In order to take this from a proposal to a potential reality, what are the concrete steps necessary to identify the work needed to make it happen? If we can remove Elastic and Mongo as hard dependencies of the platform by the next release that would be a huge win from my perspective.
@regis - that is simply not true. ElasticSearch made it impossible to use an open source distribution of their software. So Amazon stepped in with a 100% open source solution that’s openly governed - and I applaud them for it. ElasticSearch and other startups want us to believe that they have to go the non-OSS route in order to sell product. I reject that argument. Look no further than MongoDB - AWS implemented a MongoDB API-compatible service, Document DB. And yet, Mongo has had great success selling their SaaS service. I don’t like Mongo’s own license changes, but that doesn’t change the fact that AWS is free to re-implement the Mongo API, and Mongo still has a compelling, winning product, based on focusing on the developer as customer and operational excellence.

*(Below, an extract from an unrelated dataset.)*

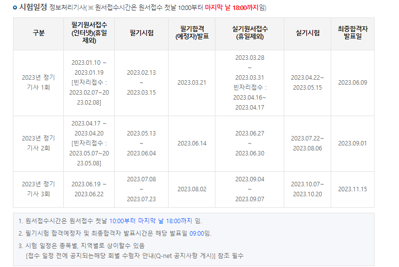 2023년도 정보처리기사 시험은 1,2,3회차에 실시합니다.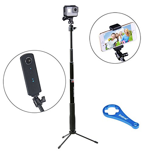 Smatree SmaPole Q3 Palo estensibile con treppiede per GoPro Hero 5/4/3+/3/2/1/Session/per Fotocamere Compatte/Cellulari (Con Adattatore treppiede in alluminio & Chiave)

I support this change - it puts Open edX in the position of not depending on a single vendor for a core part of the tech stack.
Hey John I’m not sure I understand your point. As far as I understand, Mongodb and Elasticsearch both distribute their software under the exact same license : the source-available SSPL. To bypass the problem caused by the Mongodb license change, AWS created an API-compatible, closed source product (DocumentDb, stuck to v4.0). I’m pretty sure that Mongodb does not see this obsolete, closed source implementation with a keen eye.
(To be honest, I find it a little ironic that edX is posing as a champion of open source software when edx.org is actually using the closed source DocumentDb implementation of Mongodb…) EDIT: this statement is factually wrong, see below Dave’s answer.
My point is that the Elasticsearch and Mongodb situations are extremely similar, and that arguments made for one should also be valid for the other.
I’m not going to wade into the ES/MongoDB moral arguments here, but I just wanted to briefly clarify that edX doesn’t run DocumentDB. We have our own EC2 servers running MongoDB 4.2 on Ubuntu (I logged into our AWS console just now to double check).
I would love to drop ES from the stack entirely for all the reasons you mentioned, but I was under the impression that MySQL full text search is substantially worse in terms of fetching useful results. This may not matter when the search space is relatively small (e.g. Notes), but I would be concerned about negatively impacting something like the forums search experience. Is that no longer the case?
Sorry for my incorrect assumption; I edited my post above to avoid spreading uncertainty. I was under the impression that edX uses AWS services for all of its data storage backends.
I must say that this situation makes me even more confused:
- Why is the Elasticsearch license change an issue, but not Mongodb?
- If AWS support of Elasticsearch is problematic, why not self-host an ES cluster?
I must say that I have too little experience with full text search in Mysql to offer a definitive solution. However, my opinion is that this deprecation discussion should include an evaluation of technical alternatives to Elasticsearch – including a Mysql-backed search engine.
Hello, I’m reviving this discussion because edX/2U has been doing discovery on this question in advance of the Nutmeg release.
I’ve also posted this info on the DEPR ticket: Move from Elasticsearch to OpenSearch · Issue #16 · openedx/public-engineering · GitHub
Our current decision is to switch to using OpenSearch in several use cases where we need the performance offered by ES. These are:
- edx-search (courseware search)
For other use cases, we will be removing usage of ES:
- edx-analytics-api (endpoints are deprecated entirely. See [DEPR]: Remove Learner View in Insights, Data API, and Pipeline #36)
I am proposing an updated acceptance date on this deprecation for April 18, 2022.